Internacional

Arménia. Deputados querem queimar ativista transsexual que falou no parlamento

A intervenção de Lilit Martirosyan numa comissão de direitos humanos ofendeu muita gente, no parlamento e fora dele. O discurso não foi longo, mas rapidamente correu mundo. Martirosyan falou da discriminação que as pessoas como ela sofrem a muitos níveis e, a certa altura, referiu os 283 ataques registados contra pessoas dessa comunidade

Luís M. Faria

Jornalista

"Torturados, violados, raptados, sujeitos a violência física, queimados, imolados, esfaqueados, sujeitos a tentativas de homicídio, mortos, exilados e roubados". Foi assim que Lilit Martirosyan, uma ativista transsexual arménia, descreveu aquilo a que pessoas como ela têm sofrido em anos recentes no seu país. A intervenção teve lugar a 5 de abril no parlamento, durante uma audiência pública sobre direitos humanos, e foi relativamente curta. Mas logo que o vídeo começou a ser partilhado na internet, as reações explodiram, tanto no parlamento como fora dele.

Martirosyan foi a primeira cidadã transsexual a falar num fórum àquele nível na Arménia, um país socialmente conservador. A presidente da Comissão de Direitos Humanos do parlamento disse logo que não devia ter falado ali, pois a audiência era sobre direitos de crianças e deficientes, bem como reformas no sistema jurídico do país. Outros deputados foram mais agressivos. E dias depois, numa manifestação de protesto em frente ao parlamento, líderes religiosos ofereceram-se para "purificar" espiritualmente o edifício.
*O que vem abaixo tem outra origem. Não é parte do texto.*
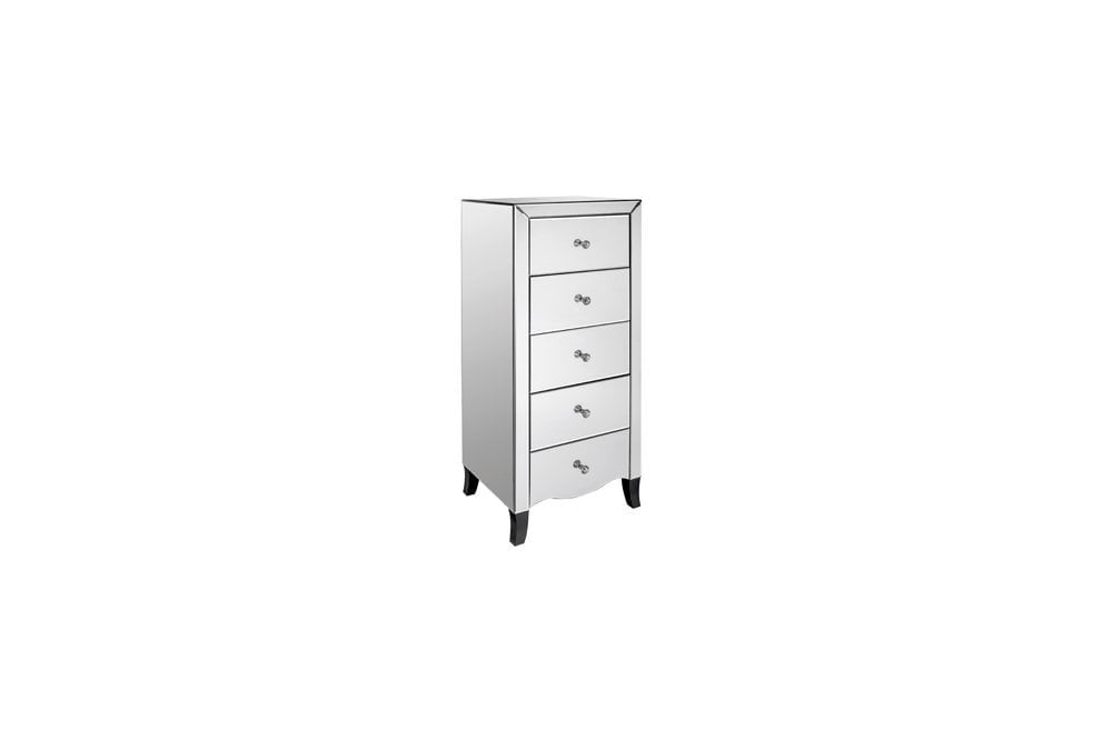 Adding light and whimsical beauty has never been easier with the introduction of the Valentina 5 Drawer Chest. Comprised of 5 drawers in equal sizes the crystal effect handles and matching mirrored carcass and top, rest elegantly on black bowed legs. Reflecting light around any space this classically shaped piece of furniture is perfect for bringing on-trend glamour into your living space.
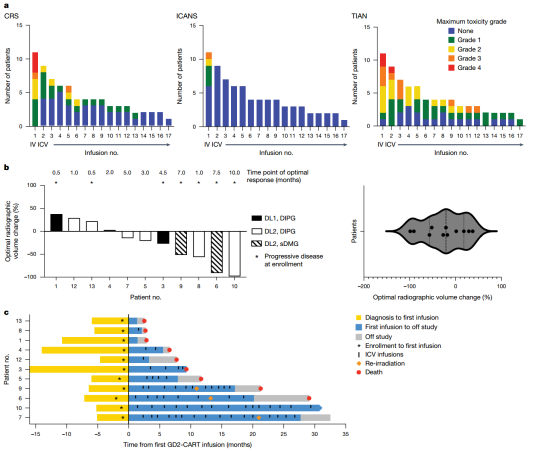 [1] Monje M, Mahdi J, Majzner R, et al. Intravenous and intracranial GD2-CAR T cells for H3K27M+ diffuse midline gliomas. Nature. 2025 Jan;637(8046):708-715. doi: 10.1038/s41586-024-08171-9. Epub 2024 Nov 13. Erratum in: Nature. 2024 Dec;636(8043):E6.
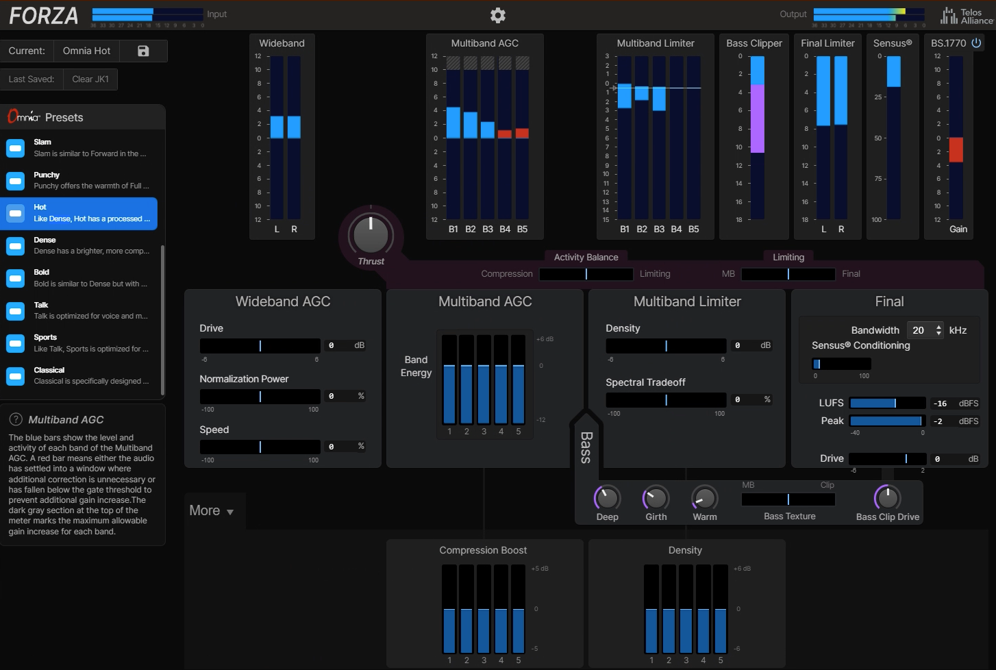 Forza’s all-new AGCs and multiband limiters breathe new life into the traditional five-band processor design, yielding a sonic profile that delivers a consistent and polished audio signature without sounding overly-processed.
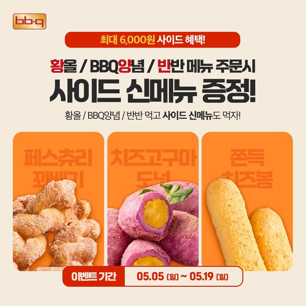 또한 BBQ는 오늘(3일) 가정의 달을 맞아 온 가족이 간식과 안주로 즐기기 좋은 사이드 메뉴를 출시했다. 새롭게 선보인 신메뉴는 '쫀득 치즈봉(크런치버터맛·치즈맛)'과 '치즈고구마 도넛', '페스츄리 꽈배기' 3종이다.
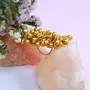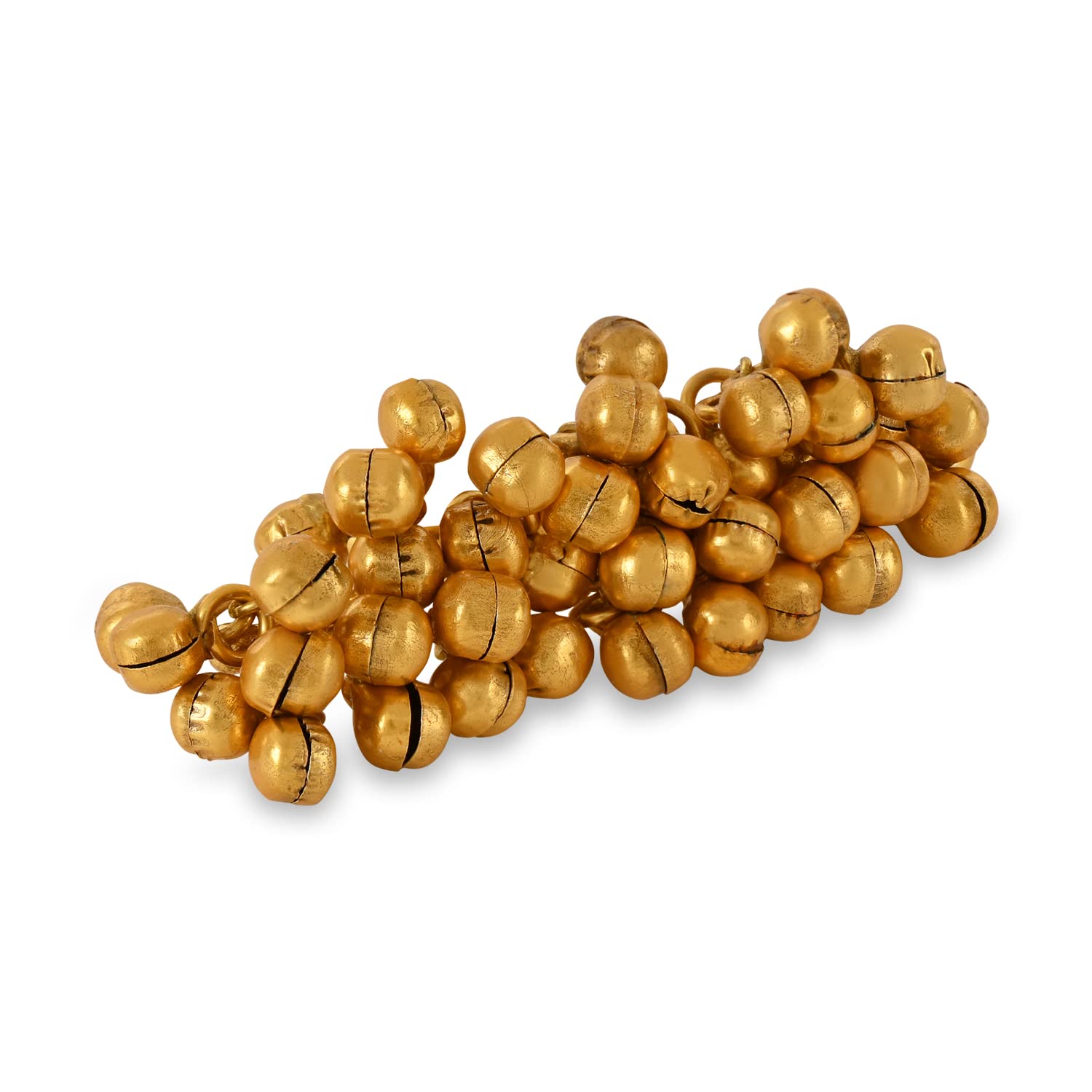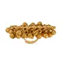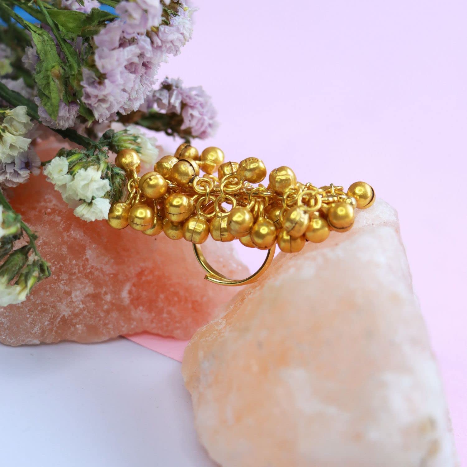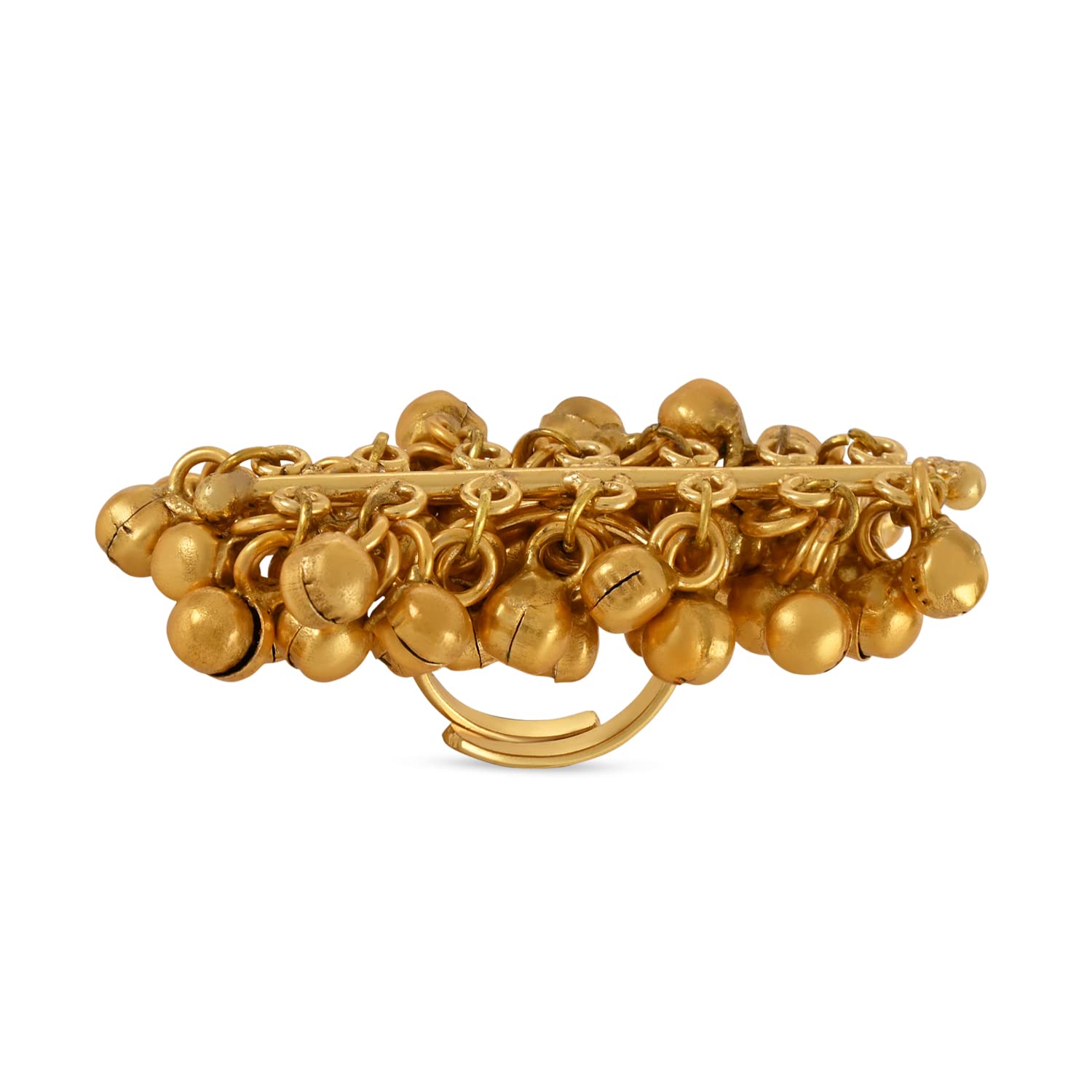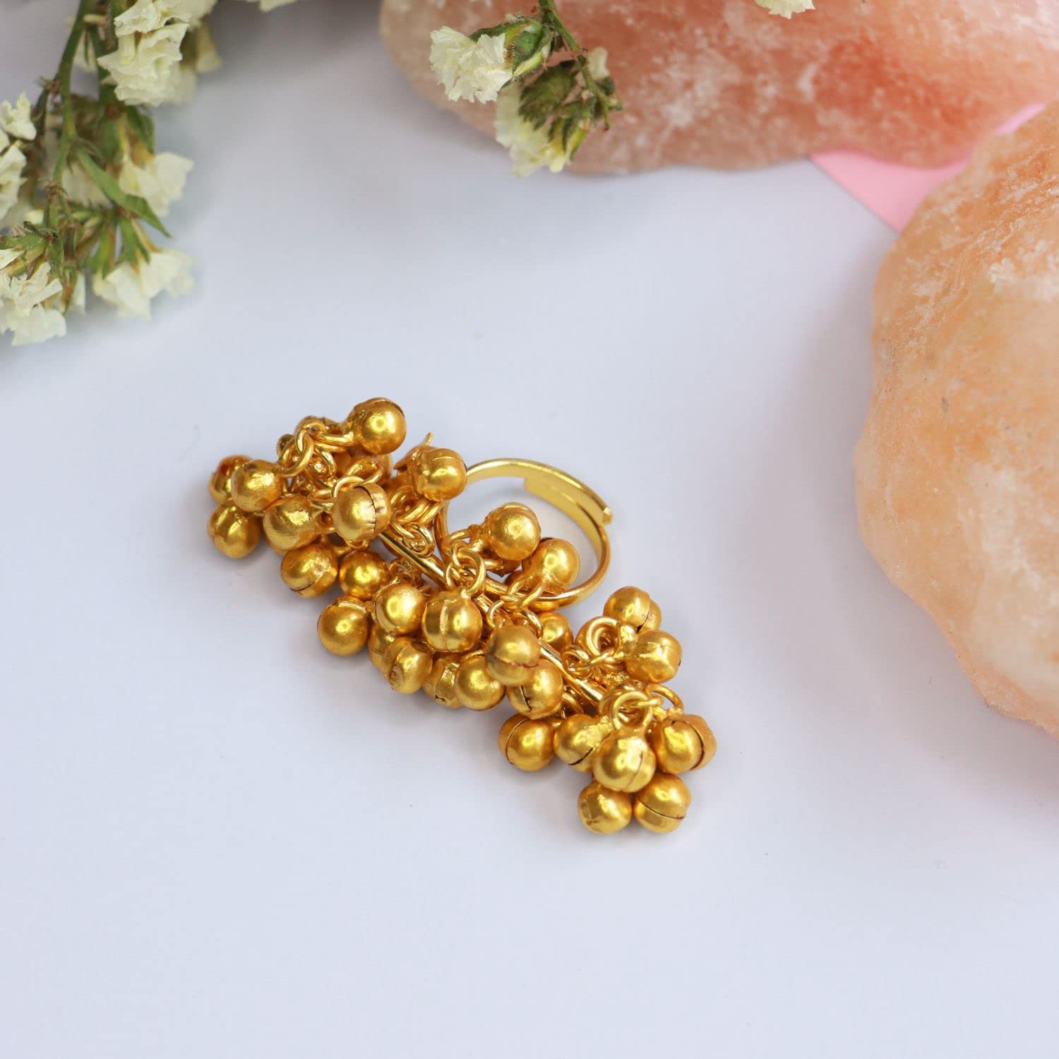 A ethnic adjustable finger ring embellished with ghungroo is a type of jewelry that is designed to be worn on the finger. The ring is made of a base metal which is then coated with a thin layer of gold plating. The ethnic design of the ring is inspired by traditional Indian jewelry and features ghungroos which are small metallic bells that produce a tinkling sound when the ring is moved. The adjustable design of the ring makes it suitable for most finger sizes and the ghungroos add a touch of elegance and movement to the piece. This type of ring is often worn as part of traditional Indian attire for weddings festivals and other special occasions. It's important to note that jewelry requires gentle care and maintenance to ensure that the plating does not wear off. It's best to avoid exposing the ring to water chemicals and harsh abrasives and to store it in a dry cool place when not in use.

Os vários partidos têm tentado culpar-se uns aos outros por Martirosyan ter falado naquela comissão. Falam do "vício" que ela representa, associando-o à homossexualidade - resultado de influências ocidentais no país, garantem. No meio dos ataques, acusam-na de ter desrespeitado o parlamento e há deputados a defender que deve ser queimada.

O seu discurso no parlamento, que não foi longo, rapidamente correu mundo. Martirosyan falou da discriminação que as pessoas como ela sofrem a muitos níveis - no emprego, nos tribunais nos hospitais. A certa altura referiu os 283 ataques registados contra pessoas dessa comunidade e disse: "Para mim, significa que há 283 criminosos na Arménia a viver junto a mim e a vocês. E quem sabe, talvez o 284º esteja amanhã a cometer o seu crime".

No ambiente atual, a sua exigência de que as autoridades façam mais para proteger os transgénero não parece ter grandes possibilidades de sucesso. Segundo explicou depois ao jor4nal "Guardian", já houve um homem que apareceu no parlamento com uma faca a dizer que a queria matar, para além de todas as outras pessoas que têm feito ameaças semelhantes no Facebook e noutros espaços.

Em sentido contrário vão os apelos de entidades internacionais como a ONU e a União Europeia. Esta última lembrou que "discursos de ódio, incluindo ameaças de morte dirigidas à senhora Lilit Martirosyan, às suas colegas e à comunidade LGBT no seu todo, constituem discriminação proibida pela Convenção Europeia dos direitos humanos e liberdades fundamentais, da qual a Arménia faz parte, e que surge refletida na Constituição da Arménia".

A porta-voz do Ministério dos Negócios Estrangeiros arménio rejeitou essas afirmações, dizendo que os outros países devem mostrar "mais respeito e sensibilidade" pela sociedade arménia.